BMI, body mass index; MSHS, months since HAART started.

We found that the CYP1A2 g.-163C>A SNP was significantly associated with CD4-cell count at the time of sample collection (the same time that NVP plasma samples were collected). Carriers of the CYP1A2 g.-163C/A (p = 0.029) and CYP1A2 g.-163A/A (p = 0.014) genotypes had significantly lower CD4-cell counts on average when compared to those with the CYP1A2 g.-163C/C genotype. The CD4-cell count was lowest among CYP1A2 g.-163A/A genotype carriers. This suggests that the CYP1A2 g.-163A allele influences CD4-cell recovery.

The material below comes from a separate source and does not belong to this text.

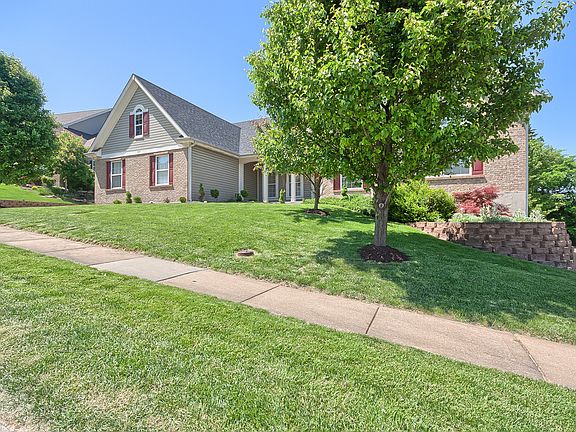 A magnificent ranch home in popular Southern Hills with great curb appeal, especially the deep front porch. A great feature for welcoming guests, chilling and seasonal decorations. You’ll notice multiple vaulted ceilings including reverse vaults in so many rooms plus architectural details galore. An open floor plan with columns and niches, a stone floor-to-ceiling fireplace in the hearth room, wonderful bay windows in several rooms, gleaming wood floors and newer carpeting add sizzle. How could you pass up the kitchen with a vaulted ceiling, granite counters, stainless appliances, two pantries, a butler pantry and a breakfast room with a bay window? The arched entry from this room looks into the hearth room. Simply beautiful! A master bedroom suite features a full bath with a whirlpool tub, vaulted ceilings, room for oversize furniture, a walk-in closet and a bay window. A very nice retreat for the homeowner. Two additional main floor bedrooms share a Jack-n-Jill bath which has been freshly renovated. A conveniently located powder room and a laundry room with a laundry tub off the garage entry makes it convenient to clean up after tinkering in the yard or in the garage. A finished walkout lower level affords plenty of room for entertaining and watching all the great sports venues we have in St. Louis. A media room, family room, rec rooms and a large bedroom and separate bath, plus a walk-out to the yard and patio complete the package. A large, level backyard backs to trees for privacy. The owners are also replacing the current deck with a redwood cedar one including metal spindles. Life in The Legends is great! Country club living with a challenging course for golfers, pools, tennis, volleyball, and pickle ball courts, a playground and many community events spell F-U-N. Plus we are part of the awarding winning Rockwood School District and Eureka has many private schools too. An easy commute on I-44 or 109 make this location desirable for many who want small town living with great amenities to a larger city just minutes away. Welcome home!

The simplest model included CYP1A2 g-163C>A genotypes, months since HAART started (MSHS) and gender, and accounted for 15% of the variability in the log-transformed CD4-cell counts (Table 3). Including all the other variables (CYP2B6 c.516G>T, c.983T>C, BMI, and age) in the model only accounted for an additional 3% of the variability (Supplementary Table S2). As expected, MSHS was significantly associated with CD4-cell count; the longer the MSHS, the higher the CD4 cell count (p = 0.001). The two SNPs, CYP2B6 c.516G>T and CYP2B6 c.983T>C, did not correlate with CD4-cell count (Supplementary Table S2). The association between the CYP1A2 g.-163C>A SNP and CD4-cell count was statistically significant, irrespective of whether BMI, age, and the two CYP2B6 SNPs were included in the model.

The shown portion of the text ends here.